Calculation breakdown
- Principal: ₹79,10,000
- Estimated interest: ₹1,78,12,913
- Estimated maturity: ₹2,57,22,913
Scenario comparison
Different tenures
| Years | Interest | Maturity |
|---|---|---|
| 5 | ₹73,20,029 | ₹1,52,30,029 |
| 10 | ₹2,14,14,121 | ₹2,93,24,121 |
| 15 | ₹4,85,51,089 | ₹5,64,61,089 |
| 20 | ₹10,08,01,005 | ₹10,87,11,005 |
Different principal amounts (±15–25%)
| Scenario | Principal | Interest | Maturity |
|---|---|---|---|
| -25% vs base | ₹59,32,500 | ₹1,33,59,685 | ₹1,92,92,185 |
| -15% vs base | ₹67,23,500 | ₹1,51,40,976 | ₹2,18,64,476 |
| 15% vs base | ₹90,96,500 | ₹2,04,84,850 | ₹2,95,81,350 |
| 25% vs base | ₹98,87,500 | ₹2,22,66,141 | ₹3,21,53,641 |
Different return assumptions (same P and tenure)
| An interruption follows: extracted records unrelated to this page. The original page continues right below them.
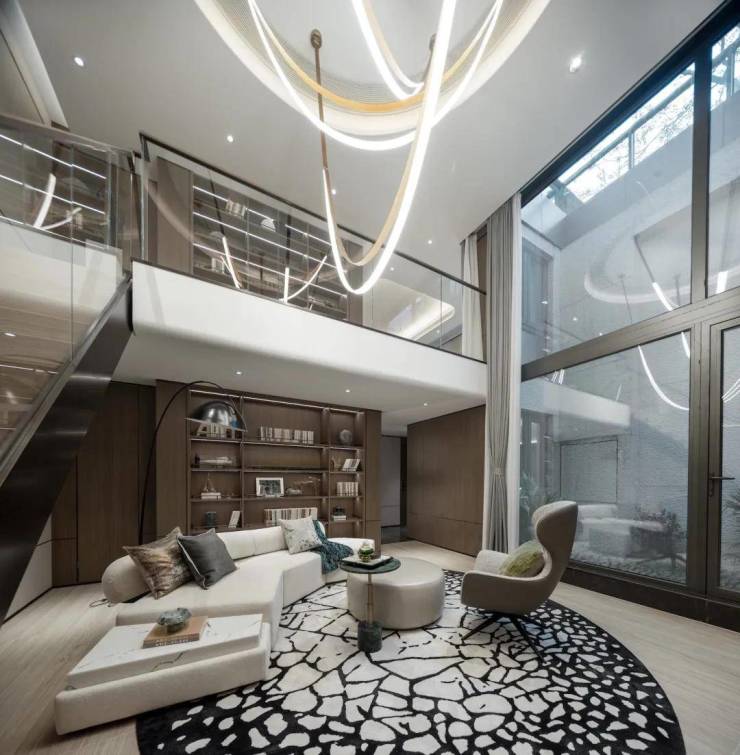 下叠带有私家庭院和挑高5.8米(可隔为双层)的双地下室,中叠拥有入户花园和露台,上叠享有约80㎡的整层星空露台,实际使用面积最高可达425㎡,这一空间尺度在杭州叠墅市场中独树一帜。
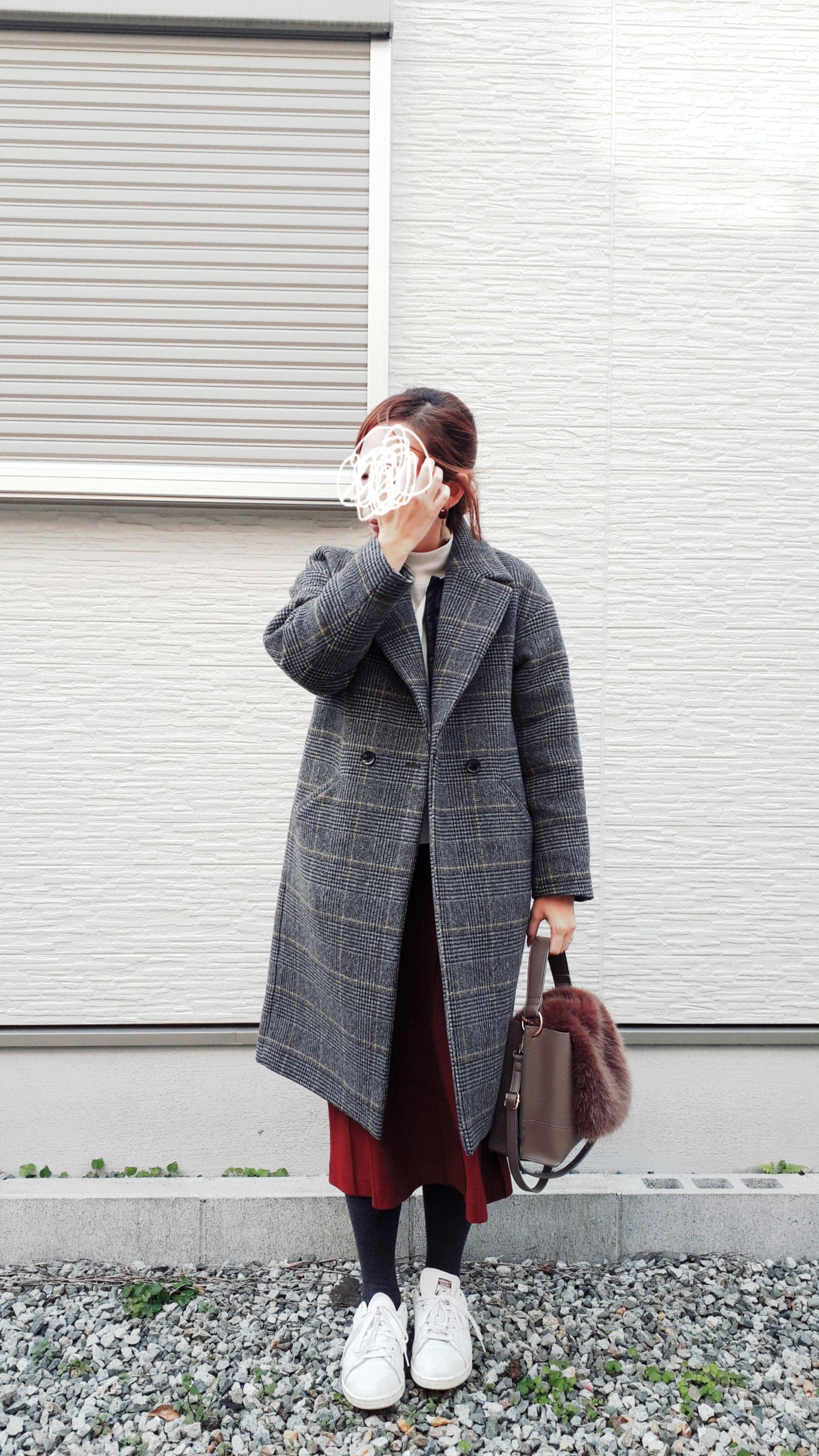母もチェック柄コートで…
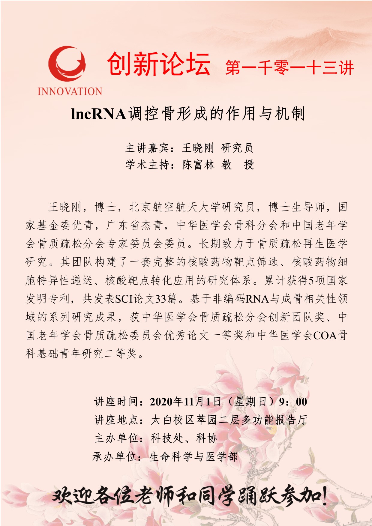 王晓刚 研究员 广发体育创新论坛第一千零一十三讲:lncRNA调控骨形成的作用与机制 讲座时间 2020年11月1日(星期日)9:00 讲座地点 太白校区萃园二层多功能报告厅 讲座人介绍 王晓刚 研究员 讲座内容
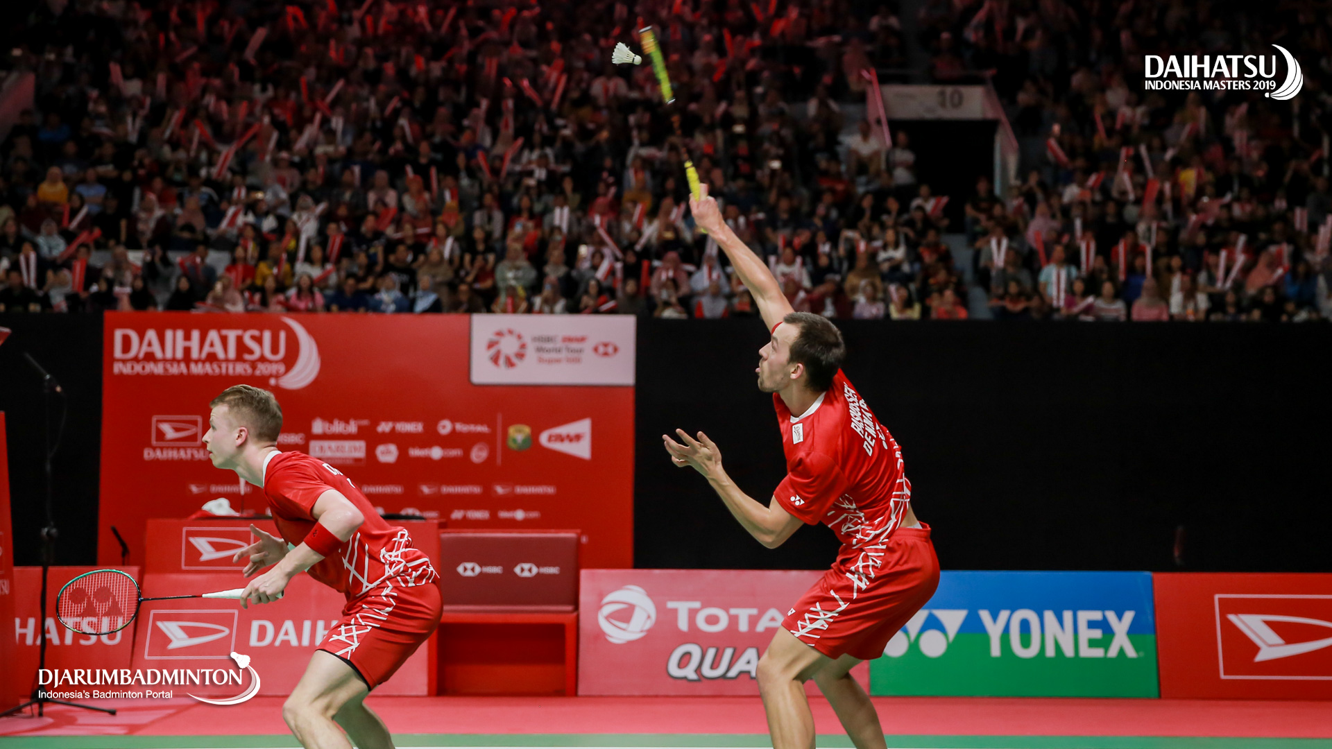 Kim ASTRUP/Anders Skaarup RASMUSSEN (Denmark) bersiap melepaskan serangan
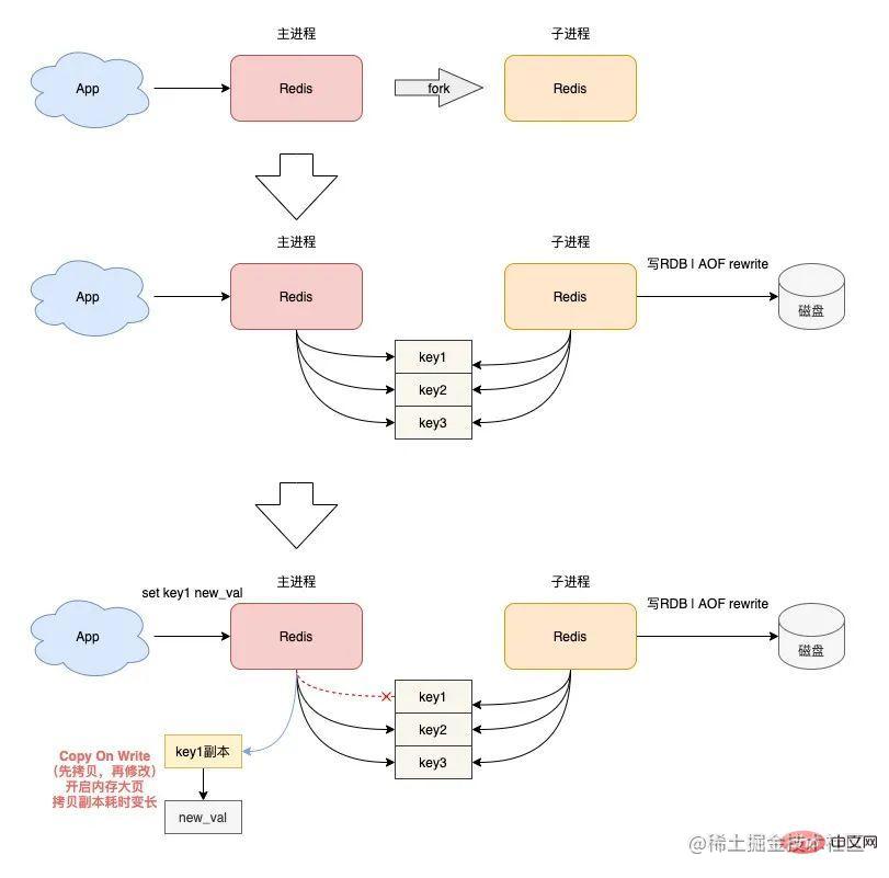 - 当 Redis 在执行后台 RDB 和 AOF rewrite 时,采用 fork 子进程的方式来处理。但主进程 fork 子进程后,此时的主进程依旧是可以接收写请求的,而进来的写请求,会采用 Copy On Write(写时复制)的方式操作内存数据。

| Scenario | Rate | Interest | Maturity |
|---|---|---|---|
| -25% vs base | 10.5% | ₹1,15,18,398 | ₹1,94,28,398 |
| -15% vs base | 11.9% | ₹1,38,49,417 | ₹2,17,59,417 |
| Base rate | 14% | ₹1,78,12,913 | ₹2,57,22,913 |
| 15% vs base | 16.1% | ₹2,24,05,620 | ₹3,03,15,620 |
| 25% vs base | 17.5% | ₹2,58,58,929 | ₹3,37,68,929 |
Comparison: lumpsum vs SIP (illustrative)
For perspective, an illustrative SIP of ₹73,241 per month at 12% for 9 years could land near ₹1,42,68,922 — different risk/return path than a one-time lumpsum; not a recommendation.
Lumpsum vs SIP is not a moral choice — it is a cash-flow and risk trade-off. If you already hold a large corpus, lumpsum deployment may be appropriate; if you are early in your career, SIPs can enforce discipline. Use both calculators on EasyCal to stress-test assumptions.
Frequently asked questions
- What is the future value of ₹79,10,000 at 14% for 9 years?
- Under annual compounding (illustrative), maturity is about ₹2,57,22,913 with interest near ₹1,78,12,913. Actual mutual fund lumpsum returns are not guaranteed.
- Lumpsum vs SIP — which is better?
- Lumpsum deploys capital immediately; SIP spreads entries over time. Risk/return profiles differ — use both calculators for perspective.
- Is this mutual fund lumpsum calculator India specific?
- It uses rupee amounts and common search intent for Indian investors; returns are illustrative, not a fund quote.
- Does this include tax?
- No — capital gains tax rules vary by asset and holding period.
- Can I change the return assumption?
- Yes — rerun with a lower rate for conservative planning.
- Where can I explore more scenarios?
- Use the internal links below for nearby principals, tenures, and rates.
Internal linking — related lumpsum calculator pages
Explore nearby scenarios on EasyCal — each link opens a calculator page with matching inputs (programmatic SEO).
- Lumpsum — 80.1 lakh · 9 years @ 14%
- Lumpsum — 81.1 lakh · 9 years @ 14%
- Lumpsum — 84.1 lakh · 9 years @ 14%
- Lumpsum — 89.1 lakh · 9 years @ 14%
- Lumpsum — 78.1 lakh · 9 years @ 14%
- Lumpsum — 77.1 lakh · 9 years @ 14%
- Lumpsum — 74.1 lakh · 9 years @ 14%
- Lumpsum — 94.1 lakh · 9 years @ 14%
- Lumpsum — 69.1 lakh · 9 years @ 14%
- Lumpsum — 79.1 lakh · 11 years @ 14%
Illustrative compounding only — not investment advice.